Mr Xi is expected to be appointed China's president at a party congress next month that will see major changes in the top echelons of leadership.
However, no date has been set for the meeting, fuelling reports that power struggles in the leadership have yet to be resolved, says the BBC's Asia analyst Charles Scanlon.
'No information'
Journalists had been given several days' notice of Mr Xi's scheduled meeting with Denmark's Helle Thorning-Schmidt on Monday, but the planned talks were taken off the programme.
Last Wednesday, he abruptly called off a meeting with US Secretary of State Hillary Clinton. On a visit to Washington earlier this year Mr Xi was given a reception benefiting a head of state.
He has also missed appointments with Singapore's prime minister and a Russian official.
A spokesman for China's foreign ministry evaded questions about Mr Xi's absence at a briefing on Monday, according to reports, saying he had "no information" to provide.
"We have told everybody everything," Hong Lei said, when pressed.
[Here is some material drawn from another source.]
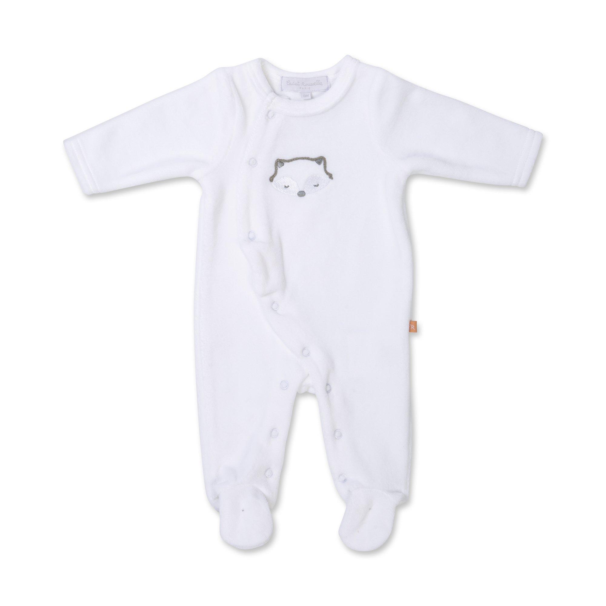 Warmer und kuschelig weicher Pyjama aus biologischer Baumwolle von Cadet Rousselle. Mit Druckknöpfen kann dieser Schlafanzug mit Füsschen von Kopf bis Fuss auf- und zugeknöpft werden. Die 3/4 Ärmel und die Stickerei auf der Vorderseite sind ausserdem tolle optische Spielereien.
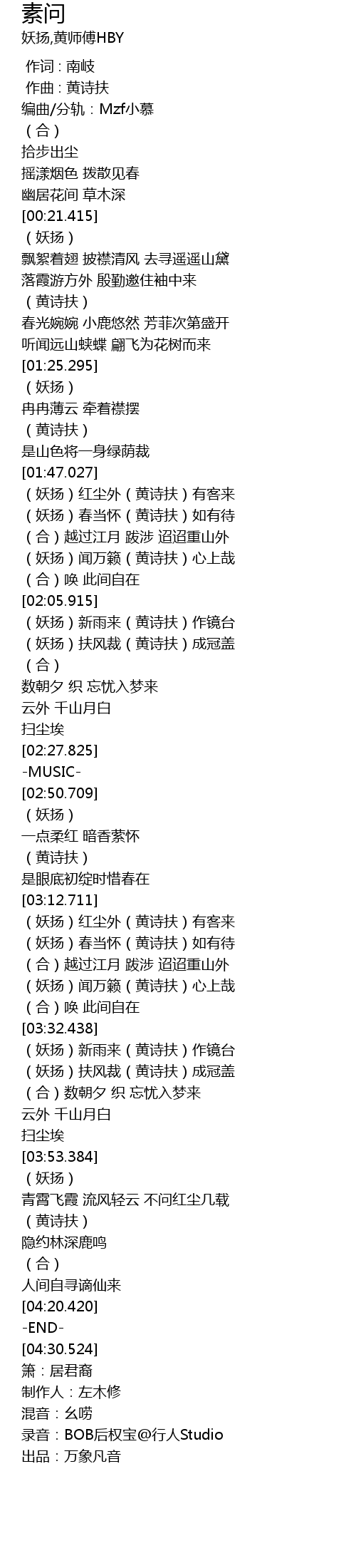 | [01:47.405] | (妖扬)红尘外(黄诗扶)有客来 |

In response, there has been an inevitable wave of rumours, our correspondent says, with explanations on news sites and Twitter ranging from Mr Xi's possible involvement in a car accident to a power struggle.
Earlier on when Mr Xi missed his meeting with Mrs Clinton, rumours circulated online that he had injured his back while playing sports - suggestions ranged from football to swimming and golf.
Yet another rumour said he may have suffered a mild heart attack.
Attempts to search Mr Xi's name on Chinese micro-blogging sites are now blocked.
Mr Xi is predicted to take the helm from current Chinese President Hu Jintao at the party congress, expected to take place in the second half of October.
But the dates of the meeting have yet to be announced, prompting speculation that some of the seats on the nine-strong politburo Standing Committee remain unallocated.
There have also been suggestions that the number of seats may be reduced from the current nine to seven.
Beijing has been shaken in recent months by its biggest political scandal in years with the dismissal of a rising star, Bo Xilai, after his wife, Gu Kailai, was investigated for and later convicted of the murder of a British businessman.
Mr Xi may merely be suffering from a bad back, as some of the more mundane rumours suggest.
But the secretive nature of the leadership and the febrile atmosphere in Beijing mean there is growing uncertainty about the long-awaited change in leadership to a new generation, our analyst says.